## ASSIGNED TASK
Exactly as they appear below, repeat the lines from the one with "The Holy Family Hearts" through the one with "Stylized Portraiture, woodblock", and no others.

## RECORDED INFORMATION
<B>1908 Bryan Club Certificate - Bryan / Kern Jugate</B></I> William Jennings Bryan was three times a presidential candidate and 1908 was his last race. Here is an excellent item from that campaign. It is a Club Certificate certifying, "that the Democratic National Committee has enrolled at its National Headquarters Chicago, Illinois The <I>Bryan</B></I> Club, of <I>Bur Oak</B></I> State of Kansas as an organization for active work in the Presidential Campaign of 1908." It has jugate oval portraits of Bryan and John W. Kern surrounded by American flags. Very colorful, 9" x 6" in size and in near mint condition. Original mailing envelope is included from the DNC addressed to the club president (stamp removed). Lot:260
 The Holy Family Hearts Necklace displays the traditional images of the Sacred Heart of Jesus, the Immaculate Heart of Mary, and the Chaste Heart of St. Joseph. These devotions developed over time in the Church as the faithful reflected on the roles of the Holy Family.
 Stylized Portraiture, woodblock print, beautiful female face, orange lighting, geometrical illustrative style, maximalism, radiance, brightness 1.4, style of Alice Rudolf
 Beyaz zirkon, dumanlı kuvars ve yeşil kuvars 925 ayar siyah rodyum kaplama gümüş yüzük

* * *

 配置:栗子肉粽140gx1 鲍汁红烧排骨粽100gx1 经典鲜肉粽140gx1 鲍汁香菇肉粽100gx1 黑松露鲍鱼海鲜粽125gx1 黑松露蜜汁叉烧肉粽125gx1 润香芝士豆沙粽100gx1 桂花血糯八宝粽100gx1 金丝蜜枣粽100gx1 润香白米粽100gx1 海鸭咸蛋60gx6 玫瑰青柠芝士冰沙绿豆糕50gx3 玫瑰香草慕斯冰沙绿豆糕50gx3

## FINISHED EXERCISE
 The Holy Family Hearts Necklace displays the traditional images of the Sacred Heart of Jesus, the Immaculate Heart of Mary, and the Chaste Heart of St. Joseph. These devotions developed over time in the Church as the faithful reflected on the roles of the Holy Family.
 Stylized Portraiture, woodblock print, beautiful female face, orange lighting, geometrical illustrative style, maximalism, radiance, brightness 1.4, style of Alice Rudolf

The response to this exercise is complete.